#### Records shown
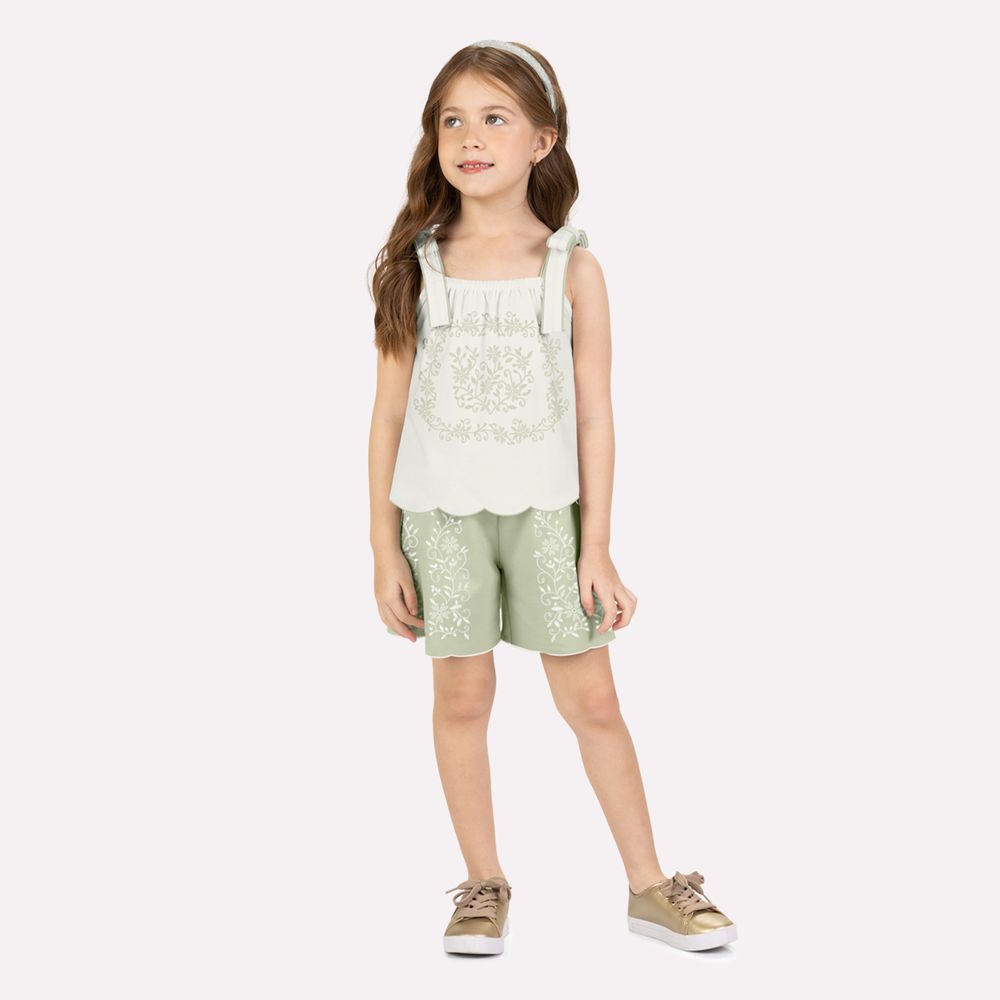 O short complementa o conjunto com perfeita harmonia. Produzido no mesmo cotton confortável, possui modelagem ampla que garante liberdade de movimento. A estampa localizada de folhagem conversa com a blusa de forma equilibrada, enquanto o cós com elástico oferece ajuste suave ao corpo. Em tom verde suave, este conjunto une modelagem confortável, estética natural e acabamentos sofisticados, ideal para composições delicadas e cheias de charme no dia a dia ou em ocasiões especiais.
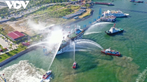Diễn tập quy mô lớn phương án chữa cháy tàu du lịch trên vịnh Hạ Long
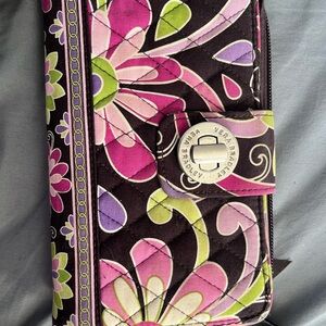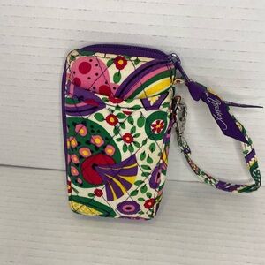 This is a beautiful brand new Vera Bradley coin and key purse. It’s floral and blue, and has two pockets – one zippered for coins, and one partially zippered to keep your keys attached to a clip.
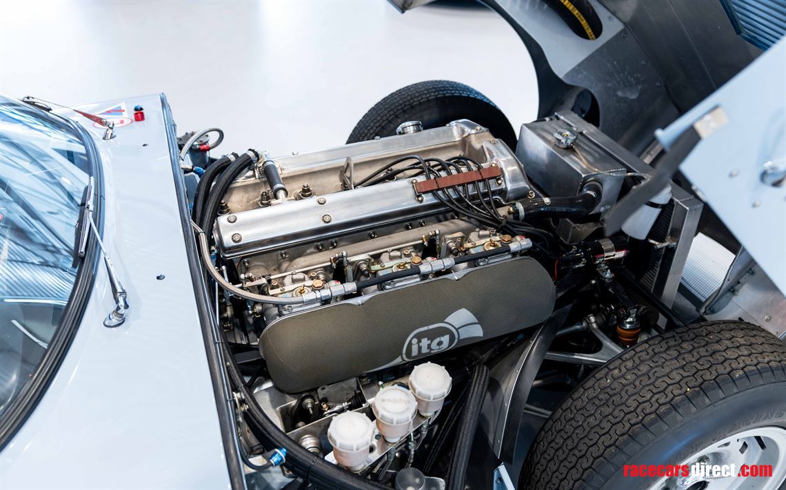 This particular Low Drag is based on a 1964 Series 1 fixed head coupe and has been built to meet the FIA Appendix K regulations with current HTP competition papers until 2032. Finished in stunning light blue paintwork this Low Drag features a full roll cage, 370bhp blue printed engine, double wishbone suspension, uprated torsion & anti-roll bars, Koni adjustable dampers, Sparco race seat with harnesses, Fire extinguisher system, 140L fuel tank, Salisbury limited slip differential and a four-speed straight cut gearbox.
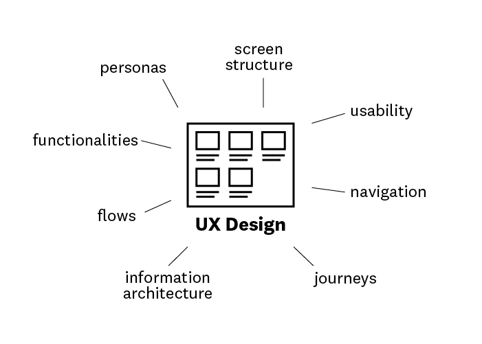 Typical UX design tools include user personas, user journeys, user flows. UX design deals with functionalities, usability, navigation, information architecture and screen structure.
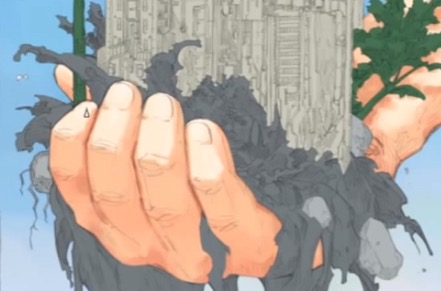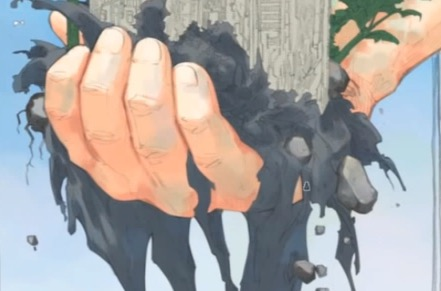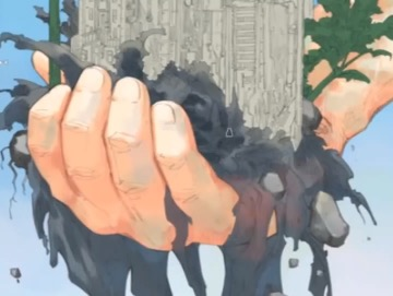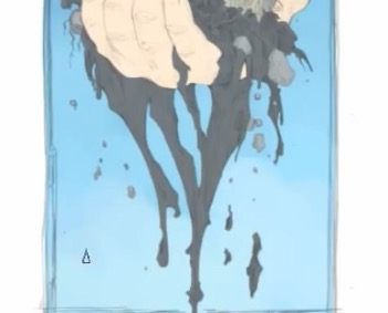 在手上流动的水的部分,用斯波特捡到的手的颜色吧。
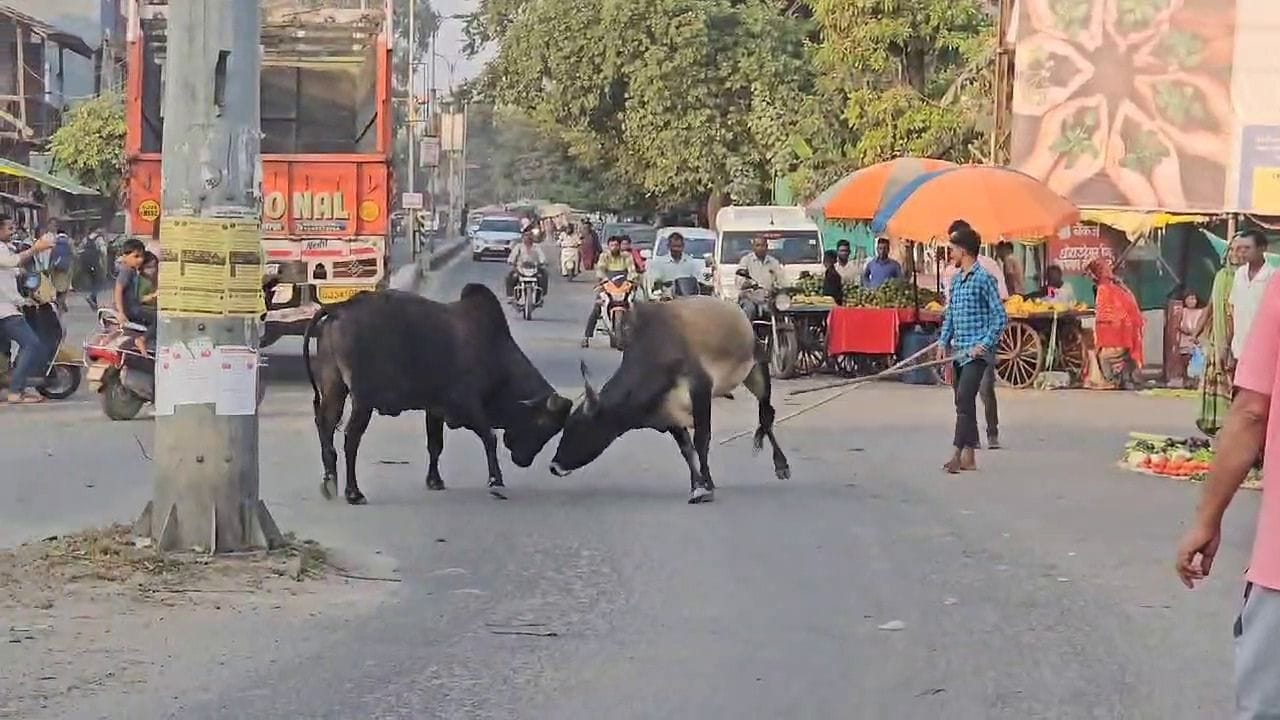 વીડિયો: છોટાઉદેપુરમાં રસ્તા પર આખલા યુદ્ધ, રાહદારીઓના જીવ તાળવે ચોંટ્યા
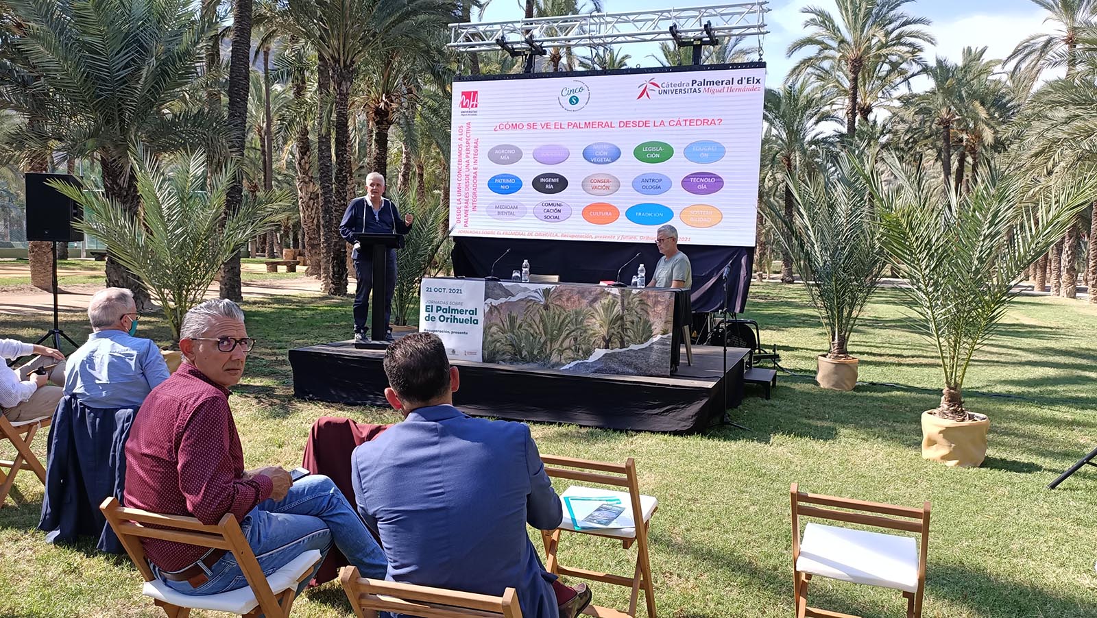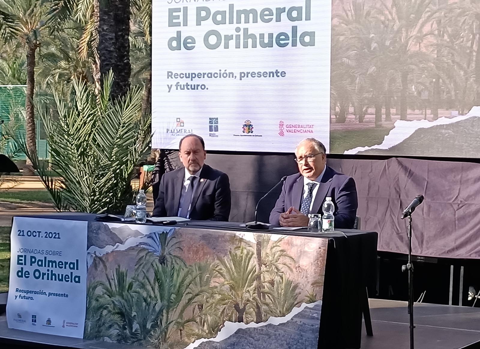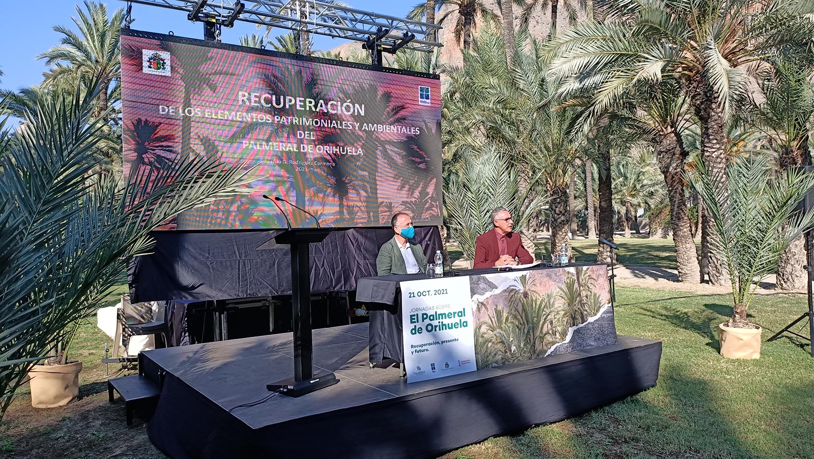 El acto fue inaugurado por el alcalde de Orihuela, Emilio Bascuñana, y el director general de Administración Local, Toni Such, quien se congratuló de ver el buen estado del Palmeral e instó al alcalde a que no pierda el tren de los fondos europeos “Next Generation” porque son muy importantes para avanzar en digitalización de la administración y en movilidad sostenible. El primer edil oriolano le solicitó colaboración para optar a los citados fondos y a otros, manifestando que ya tienen preparados muchos proyectos para optar a esas ayudas, algunos de ellos relacionados con la consolidación del Palmeral.
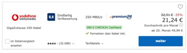 Beispiel-Deal mit dem GigaZuhause 250 Kabel
########
> _The task_: What is needed is an exact copy of the lines from the start of the records through the line containing "Diễn tập quy", with no pictures.

> _Finished exercise_:
 O short complementa o conjunto com perfeita harmonia. Produzido no mesmo cotton confortável, possui modelagem ampla que garante liberdade de movimento. A estampa localizada de folhagem conversa com a blusa de forma equilibrada, enquanto o cós com elástico oferece ajuste suave ao corpo. Em tom verde suave, este conjunto une modelagem confortável, estética natural e acabamentos sofisticados, ideal para composições delicadas e cheias de charme no dia a dia ou em ocasiões especiais.
Diễn tập quy mô lớn phương án chữa cháy tàu du lịch trên vịnh Hạ Long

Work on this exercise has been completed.